To help put that into perspective: During a 14 year period, approximately 868 children age 14 and under died from accidental gun deaths, 168 high school and college football players died playing football, 350 people died from lightning strikes. Thirteen Little League players even died from baseball injuries during a 10 year period in the 80s and 90s.
I think it is fair to say that there shouldn't be any terrorism-related deaths in the US.
But why are we dwelling on extremist Muslim terrorism while largely ignoring other forms?
Why are many conservatives in Congress trying to derail attempts to watch the non-Muslim extremists, because they think it makes conservatives look bad without causing public uproar?
Why are we taking so many measures to protect ourselves from one group while largely ignoring the other? Should the TSA have a no-fly list of known white supremacists, Christian extremists, and members of anti-government groups? Should the police be harassing them as they so frequently do Muslims? Should we have paid informants in fundamentalist Christian churches reporting anybody who might possibly commit an abortion bombing or murder a doctor who performs abortions? Should they be infiltrated by undercover FBI agents and local police?
Or is it all being overblown? Was 9/11 just a fluke that moderate safety precautions, like having armored cockpit doors, more air marshals, and more sophisticated airline reservation systems, would largely assure it couldn't happen again?
Discuss.
WASHINGTON — In the 14 years since Al Qaeda carried out attacks on New York and the Pentagon, extremists have regularly executed smaller lethal assaults in the United States, explaining their motives in online manifestoes or social media rants.
But the breakdown of extremist ideologies behind those attacks may come as a surprise. Since Sept. 11, 2001, nearly twice as many people have been killed by white supremacists, antigovernment fanatics and other non-Muslim extremists than by radical Muslims: 48 have been killed by extremists who are not Muslim, including the recent mass killing in Charleston, S.C., compared with 26 by self-proclaimed jihadists, according to a count by New America, a Washington research center.
The slaying of nine African-Americans in a Charleston church last week, with an avowed white supremacist charged with their murders, was a particularly savage case.
But it is only the latest in a string of lethal attacks by people espousing racial hatred, hostility to government and theories such as those of the “sovereign citizen” movement, which denies the legitimacy of most statutory law. The assaults have taken the lives of police officers, members of racial or religious minorities and random civilians.
Non-Muslim extremists have carried out 19 such attacks since Sept. 11, according to the latest count, compiled by David Sterman, a New America program associate, and overseen by Peter Bergen, a terrorism expert. By comparison, seven lethal attacks by Islamic militants have taken place in the same period.

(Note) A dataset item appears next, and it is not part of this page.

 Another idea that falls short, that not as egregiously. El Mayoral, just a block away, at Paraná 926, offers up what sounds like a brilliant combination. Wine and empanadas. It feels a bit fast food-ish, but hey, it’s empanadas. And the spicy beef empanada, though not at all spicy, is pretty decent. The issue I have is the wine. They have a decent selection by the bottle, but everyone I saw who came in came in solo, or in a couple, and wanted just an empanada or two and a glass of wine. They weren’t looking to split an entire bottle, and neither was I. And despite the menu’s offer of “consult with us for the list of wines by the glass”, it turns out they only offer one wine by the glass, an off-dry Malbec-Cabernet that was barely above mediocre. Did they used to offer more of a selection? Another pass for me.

If such numbers are new to the public, they are familiar to police officers. A survey to be published this week asked 382 police and sheriff’s departments nationwide to rank the three biggest threats from violent extremism in their jurisdiction. About 74 percent listed antigovernment violence, while 39 percent listed “Al Qaeda-inspired” violence, according to the researchers, Charles Kurzman of the University of North Carolina and David Schanzer of Duke University.

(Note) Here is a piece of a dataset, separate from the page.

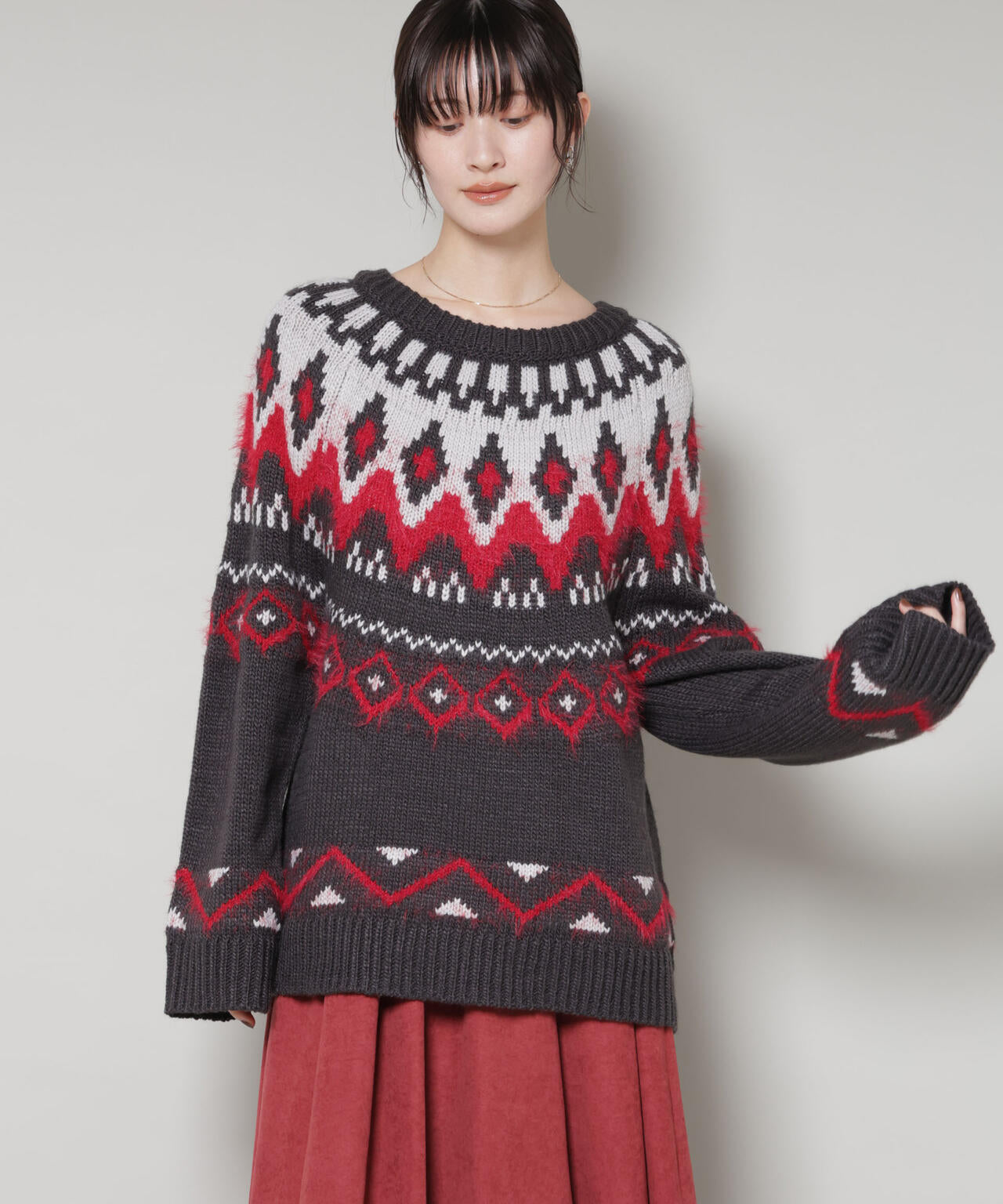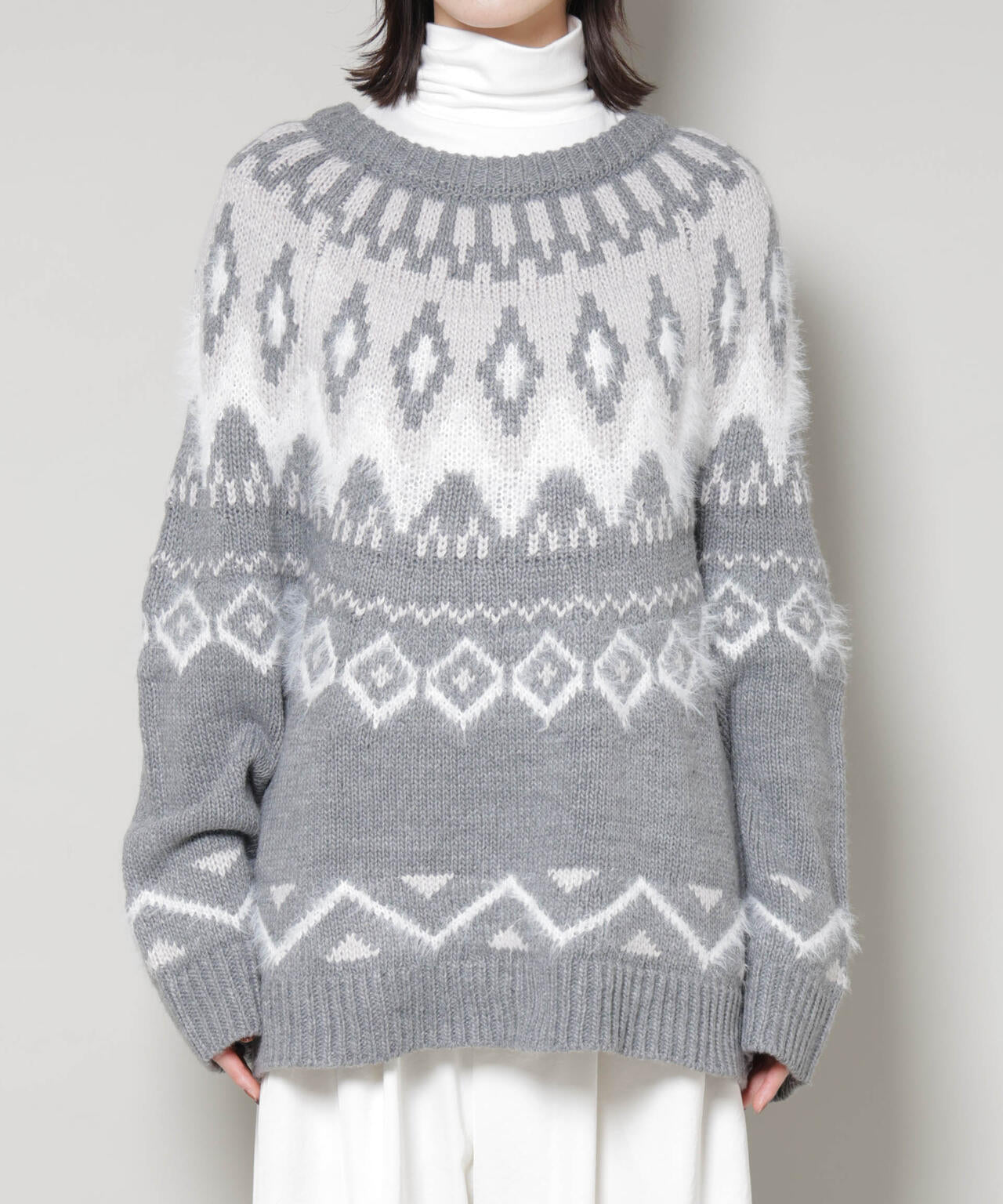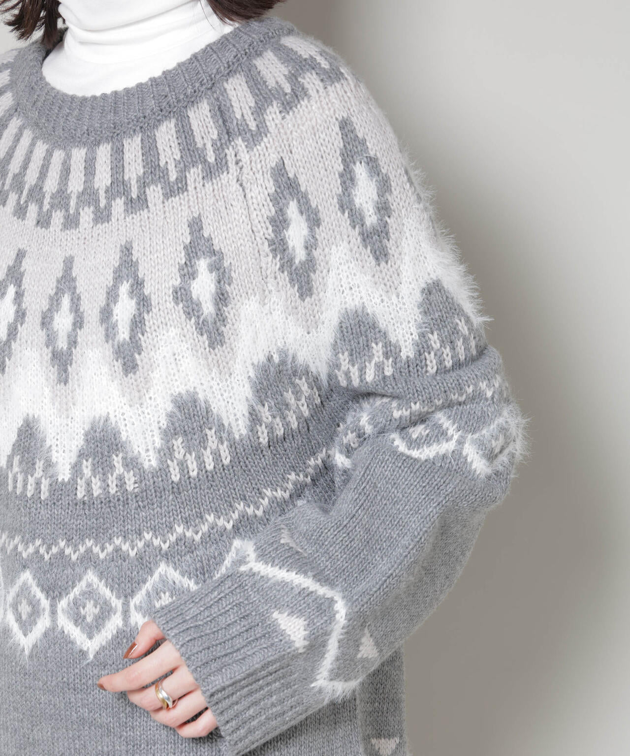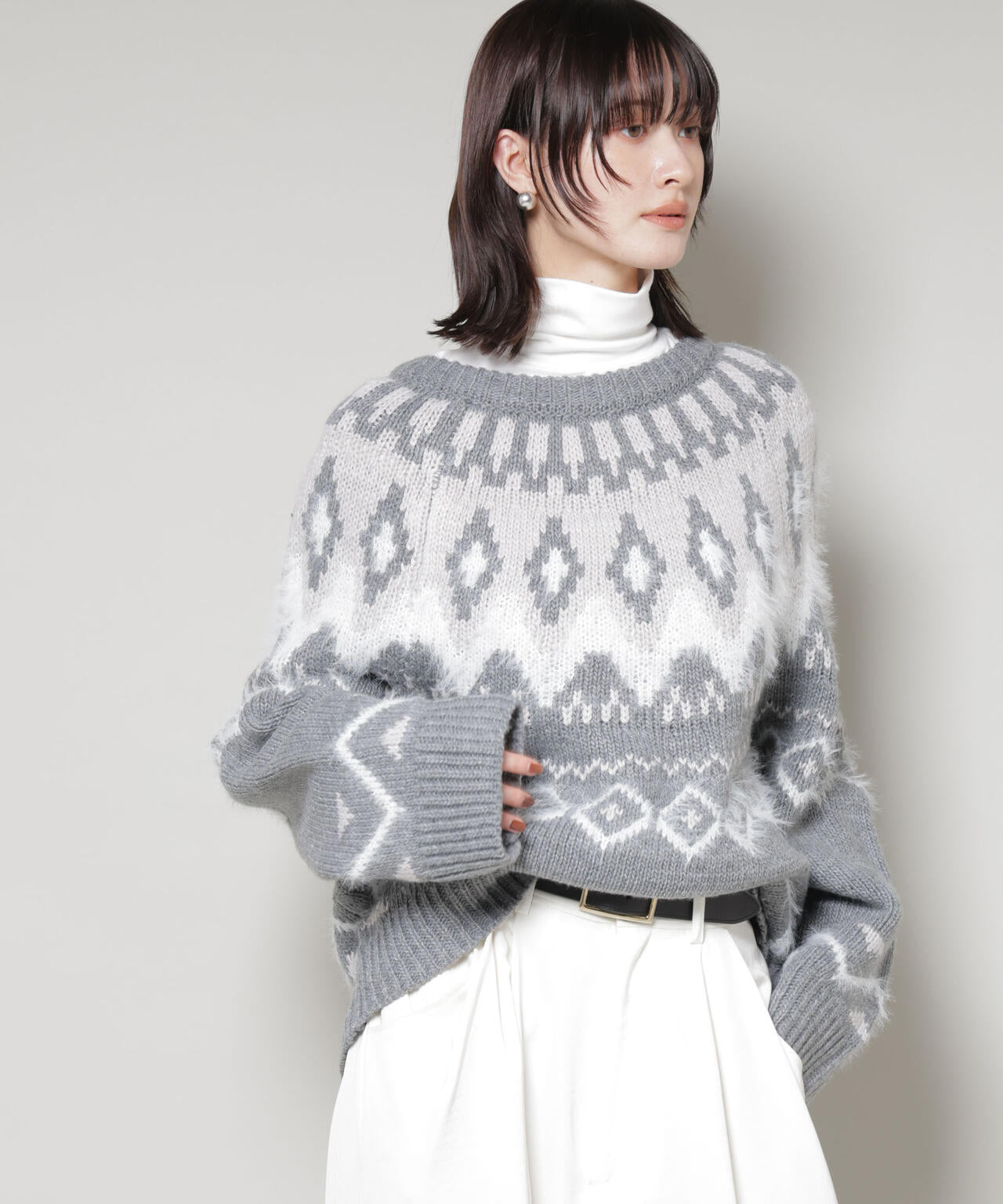 ・求心柄が主役になる、シャギーミックス素材のニットトップス

“Law enforcement agencies around the country have told us the threat from Muslim extremists is not as great as the threat from right-wing extremists,” said Dr. Kurzman, whose study is to be published by the Triangle Center on Terrorism and Homeland Security and the Police Executive Research Forum.

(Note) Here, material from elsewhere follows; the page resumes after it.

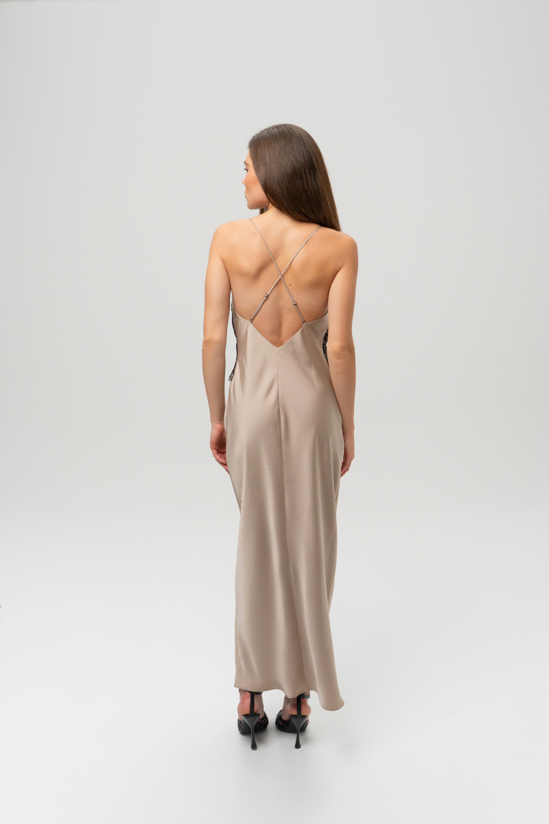 Лаконичное платье-комбинация с отделкой кружевом длины макси мягко подчеркивает силуэт. Легкий и дышащий материал подарит комфорт.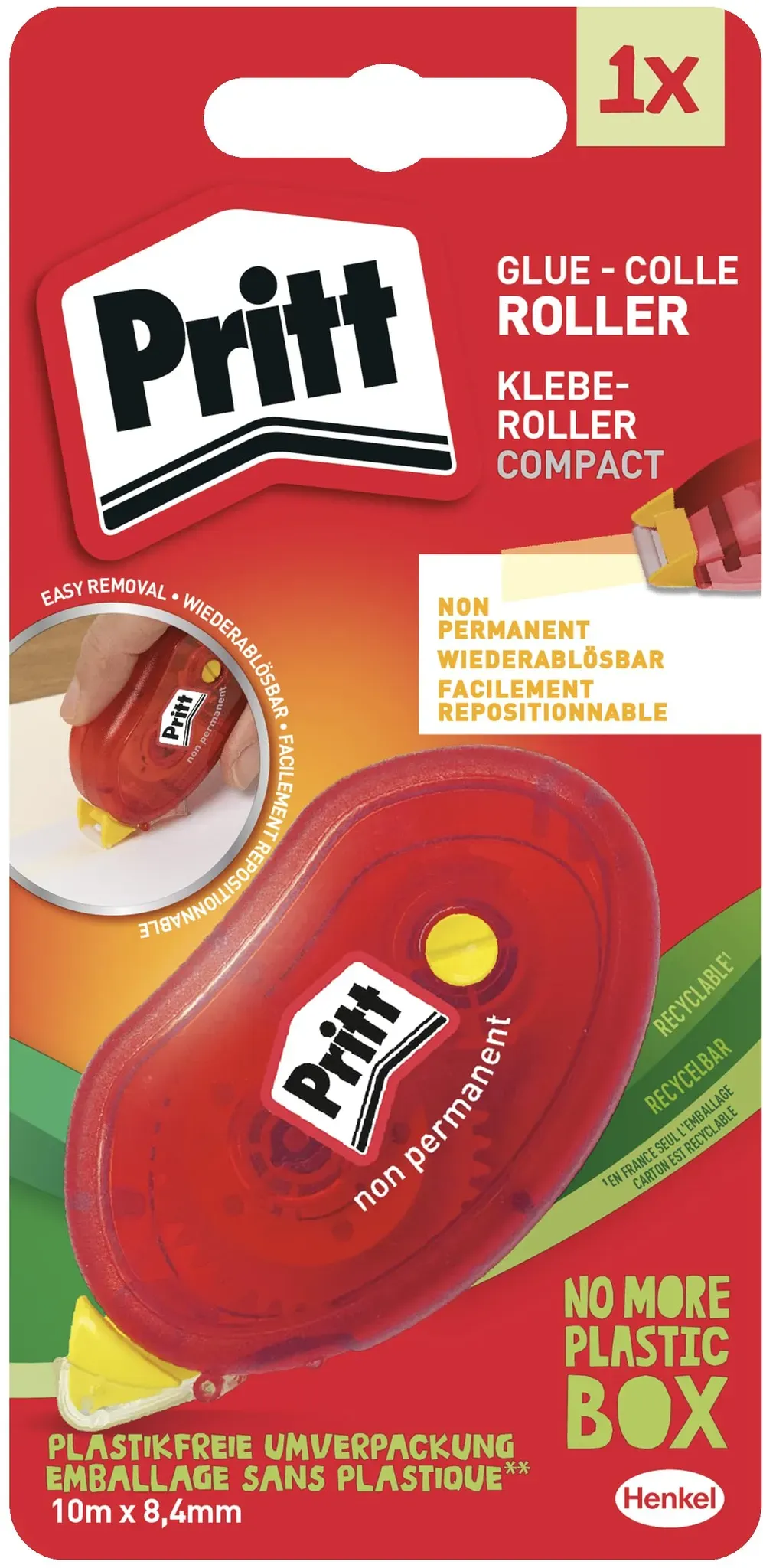 Pritt - EAN: 4015000438568 - Pritt Refillkassette, non-permanent 8,4 mm x 16,0 m - bei mindfactory.de - aus Yadore Produktdaten Dieser Compact Kleberoller ist eine sehr preiswerte Option für den Einstieg in die nicht-permanente Klebetechnik. ![]() Pritt Compact Kleberoller Non-permanent 8,4 mm x 8,5 m 2755721 10 m 5497083

John G. Horgan, who studies terrorism at the University of Massachusetts, Lowell, said the mismatch between public perceptions and actual cases had become steadily more obvious to scholars.
“There’s an acceptance now of the idea that the threat from jihadi terrorism in the United States has been overblown,” Dr. Horgan said. “And there’s a belief that the threat of right-wing, antigovernment violence has been underestimated.”
Some Muslim advocates complain that when the perpetrator of an attack is not Muslim, news media commentators quickly focus on the question of mental illness. “With non-Muslims, the media bends over backward to identify some psychological traits that may have pushed them over the edge,” said Abdul Cader Asmal, a retired physician and a longtime spokesman for Muslims in Boston. “Whereas if it’s a Muslim, the assumption is that they must have done it because of their religion.”
On several occasions since President Obama took office, efforts by government agencies to conduct research on right-wing extremism have run into resistance from Republicans, who suspected an attempt to smear conservatives.
A 2009 report by the Department of Homeland Security, which warned that an ailing economy and the election of the first black president might prompt a violent reaction from white supremacists, was withdrawn in the face of conservative criticism. Its main author, Daryl Johnson, later accused the department of “gutting” its staffing for such research.
William Braniff, the executive director of the National Consortium for the Study of Terrorism and Responses to Terrorism at the University of Maryland, said the outsize fear of jihadist violence reflected memories of Sept. 11, the daunting scale of sectarian conflict overseas and wariness of a strain of Islam that seems alien to many Americans.
“We understand white supremacists,” he said. “We don’t really feel like we understand Al Qaeda, which seems too complex and foreign to grasp.”
The contentious question of biased perceptions of terrorist threats dates back at least two decades, to the truck bombing that tore apart the federal building in Oklahoma City in April 1995. Some early news media speculation about the attack assumed that it had been carried out by Muslim militants. The arrest of Timothy J. McVeigh, an antigovernment extremist, quickly put an end to such theories.
The bombing, which killed 168 people, including 19 children, remains the second-deadliest terrorist attack in American history, though its toll was dwarfed by the roughly 3,000 killed on Sept 11.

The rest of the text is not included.